Seyahat Sektörüne Yara Bandı Değil Acil Tedavi Gerek
Burhaniye Uygulamalı Bilimler Yüksekokulu Müdürü Prof. Dr. Mehmet Oğuzhan İLBAN, Gm Turizm Ve Yönetim Dergisi okurları için kaleme aldı.
İşte İlban’ın “Seyahat Sektörüne Yara Bandı Değil Acil Tedavi Gerek” Başlıklı yazısı… Biliyoruz ki artık Covid – 19 küresel salgını tüm dünyada hem üretim hem de hizmet sektörlerini olumsuz şekilde etkilemiş, birçok sektöre ise ağır darbe vurmuştur. Bu süreçte arz ve talep dengeleri değişmiş, farklı tüketici davranışları ortaya çıkmıştır.

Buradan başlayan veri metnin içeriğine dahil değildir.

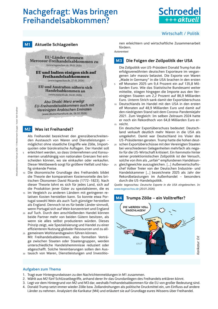Das Arbeitsblatt nimmt das Bemühen der Europäischen Union um mehr Freihandel zum Anlass, um die Grundidee des Freihandels und seine theoretischen Grundlagen zu thematisieren. Behandelt werden auch die Auswirkungen der US-Zollpolitik unter Donald Trump.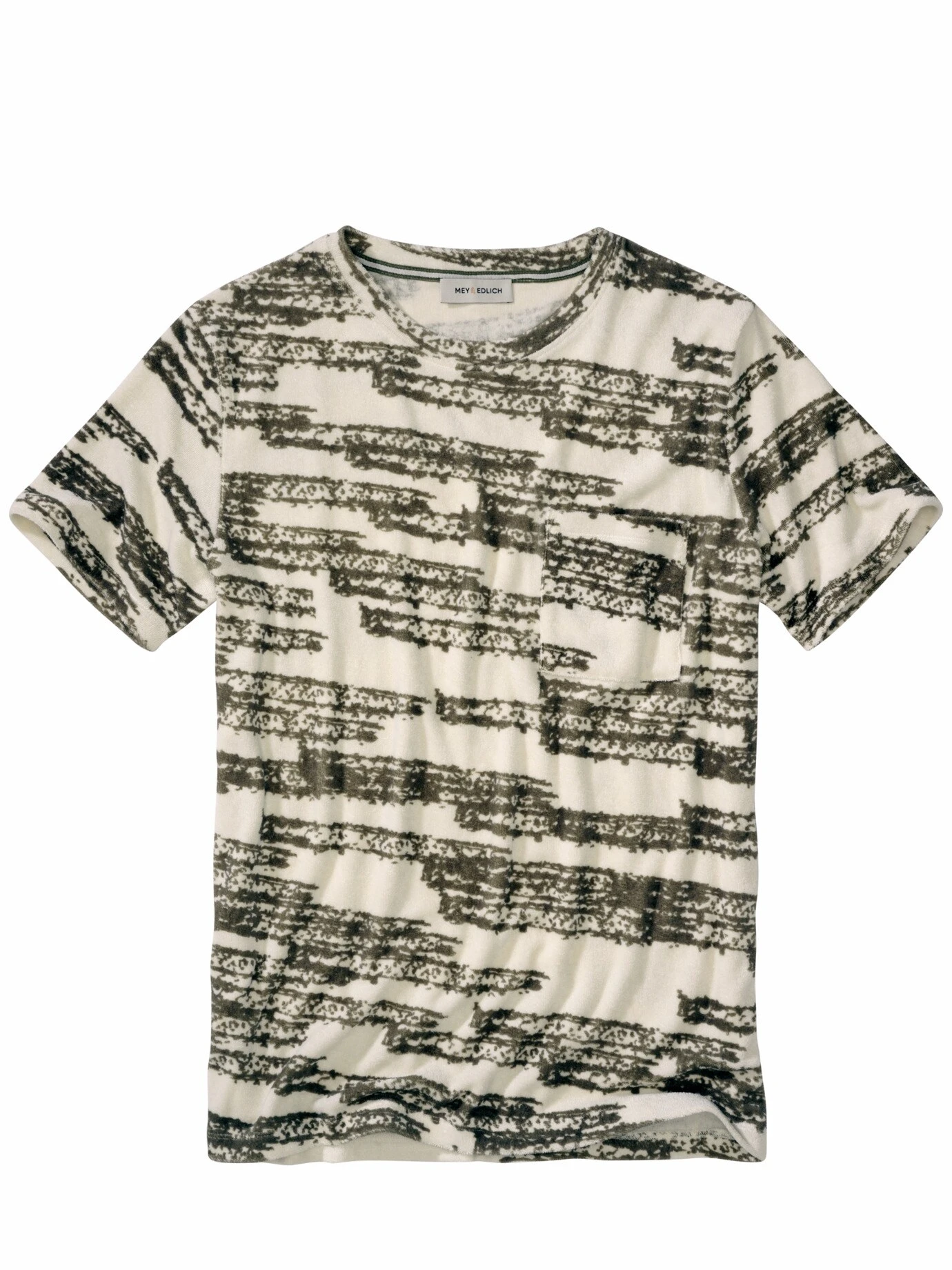 Leichter als das Erinnerte. Frottee ist ein Charakterstoff für Shirts und Sweatshirts. Nun kommt er etwas leichter und sommerlicher: Mit 220 Gramm ist das Shirt solide, dicker als ein T-Shirt, aber nicht so schwer wie ein Handtuch. Die typischen Schlaufen (French Terry) trägt das Shirt außen. Weil viele das Raue des Frottees nur bedingt mögen, ist es innen glatt. Die körnige Struktur ist schmutzunempfindlich. Dazu passt alles, was entspannt und entspannt aussieht, z. B. eine Cargo, Shorts, Leinenhose.

Seyahat sektörü de bu süreçte ciddi biçimde olumsuz etkileyerek, potansiyel turistlerin ve turizm faaliyetlerine katılan kişilerin sayılarında, turistik ürün tercih ve satın alma davranışlarında yansımıştır. Turistik ürün talebinde bulunan kişiler fiziksel olarak seyahat acentelerine gitmekten vazgeçmekte, paket turlara talep azalmakta ve bunlara rezervasyon iptalleri de eklenmektedir. Turizm ürünlerinin dağıtımında önemli rolü olan seyahat acenteleri, bu nedenlerden dolayı turizm endüstrisi içinde en çok olumsuz etkilenen sektörlerden biri olarak göze çarpmaktadır.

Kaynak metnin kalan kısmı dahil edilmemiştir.